Monday, August 8, 2011

NetApp Training Brain Dump: snapmirror.conf

ONTAP saves the information for what snapmirror relationships have been set up in a file called /etc/snapmirror.conf. What /etc/rc/ is to ifconfig, /etc/snapmirror.conf is to snapmirror initiate. The basic idea is that even if you set up a snapmirror relationship, that data replication will cease when the system restarts...unless it is in snapmirror.conf.

There are several amazing walkthroughs for this file, so I won't be redundant. Please check out the links below from the very talented Chris Kanz!

http://www.wafl.co.uk/tag/snapmirrorconf/

http://www.wafl.co.uk/snapmirrorconf-2/

Saturday, August 6, 2011

NetApp Training Brain Dump: /etc/rc

Interesting history:

"The letters stand for Run-Com, the name of a command
file on early DEC operating systems. The Unix system's
original "rc" file was /etc/rc, which executes commands
when the system "boots" (or starts up). The name spread
to the C shell startup file .cshrc, the Mail startup
file .mailrc, the Berknet initialization file .netrc,
and the Netnews startup file .newsrc. Programmers could
have chosen a better suffix (such as init) but they
wanted to retain a realm of mystery in the system."

http://www.anvari.org/fortune/Miscellaneous_Collections/305494_what-does-rc-stand-for-and-why-are-there-so-many-rc-files.html

Friday, August 5, 2011

NetApp Training Brain Dump: Clusters

Doing my best to translate tech-speak into common sense, one day at a time.

In NetApp, a cluster is two controllers that are both capable of accessing any disk in the system. When data is sent to a particular controller to be written to disk, that data is sent to the local cache, and then mirrored to the partner controller's cache. The purpose of this is for failover: if one controller goes down, the other controller can 100% emulate the failed one and not miss a beat.

This is called a "takeover". If one partner "panics" (fails), the other controller will take over its disks, its IP addresses, and its traffic. Pretty cool. It knows what IP addresses to spoof because when you set it up, you put the partner addresses in the /etc/rc folder. You typically want no more than 50% utilization on either controller, so that in the case of a failover, the surviving controller can handle the total sum of traffic.

When you are confident the failed controller is back up and operational, you can initiate a "giveback," in which the controller coming back online will re-sync with its partner's cache, and then resume owning disks, handling traffic, and getting it's IP's back. Givebacks take 1-2 minutes or so, during which the taken-over system is unavailable, and there are complications for people accessing files via CIFS. The giveback command is issued from the partner that took over the down controller.
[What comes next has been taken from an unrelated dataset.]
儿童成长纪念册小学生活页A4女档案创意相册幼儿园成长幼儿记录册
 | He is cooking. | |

There are a number of options you can configure to handle this behavior. You can:

Alter how file sessions are terminated in CIFS before a giveback, including warning the user.
Delay/disable automatic givebacks.
Have ONTAP disable long-running operations before giveback.
Not allow the up controller to check the down controller before initiating giveback (bad idea).
Allow controllers to take each other over in case of hardware failure, and specify what IP/port to notify the partner on.
In a metrocluster, change FSID's on the partner's volumes and aggregates during a takeover.
Change how quickly an automatic takeover occurs if the partner is not responding.
Disable automatic takeovers.
Allow automatic takeovers when a discrepancy in disk shelf numbers is discovered.
Allow automatic takeovers when a NIC or all NIC's fail.
Allow automatic takeovers on panic.
Allow automatic takeovers on partner reboot.
Allow automatic takeovers if the partner fails within 60s of being online.
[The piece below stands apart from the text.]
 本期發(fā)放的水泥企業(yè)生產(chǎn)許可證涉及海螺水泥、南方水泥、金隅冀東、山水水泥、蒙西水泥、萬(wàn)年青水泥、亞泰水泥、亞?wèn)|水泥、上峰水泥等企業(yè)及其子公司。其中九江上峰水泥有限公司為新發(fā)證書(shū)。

The command used to initiate and control takeover/giveback is cf. Here are your main options

cf disable: disables the clustering behavior.
cf enable: enable the clustering behavior.
cf takeover takes down the partner and spoofs it. cf giveback allows the down controller to take back its functionality. ONTAP won't allow these to be initiated if the system fails checks for whether the action would be disruptive or cause data loss.
cf giveback -f: bypasses ONTAP's first level of checks as long as data corruption and filer error aren't a possibility.
cf takeover -f: allows the takeover even if it will abort a coredump on the partners. Add a -n to the command: ignores whether the partner has a compatible version of ONTAP.
cf forcegiveback: ignores whether it is safe to do a giveback. Can result in data loss.
cf forcetakeover: ignores whether it is safe to do a takeover. Can result in data loss. -d bypasses all of ONTAP's checks and initiates the takeover regardless of data loss or disruption. -f also bypasses the prompt for confirmation.
cf status will inform you of the current state of the clustered relationship.

Thursday, August 4, 2011

NetApp Training Brain Dump: Data Replication

There are apparently different levels of synchronization, which we can observe from this sentence: "A (level-0 resync in progress) message indicates that a plex cannot be rejoined."*1

"If the mirrored aggregate was in an initial resynchronization state (level-0) before the forced takeover, you cannot rejoin the two aggregates. You must re-create the synchronous mirror to reestablish the MetroCluster configuration."

Level-0 means that there was never an actively sync dataset: although the relationship is set up, the initial full transfer never completed.

*1http://hd.kvsconsulting.us/netappdoc/733docs/html/v-series/metro/disaste3.htm

http://publib.boulder.ibm.com/infocenter/cicsts/v3r2/index.jsp?topic=%2Fcom.ibm.cics.ts.intercommunication.doc%2Ftopics%2Fdfht1c0082.html

Monday, August 1, 2011

DATA ONTAP 8.0 Simulator: SnapMirror

Instructions for setting up SnapMirror on two ONTAP 8.O Simulators.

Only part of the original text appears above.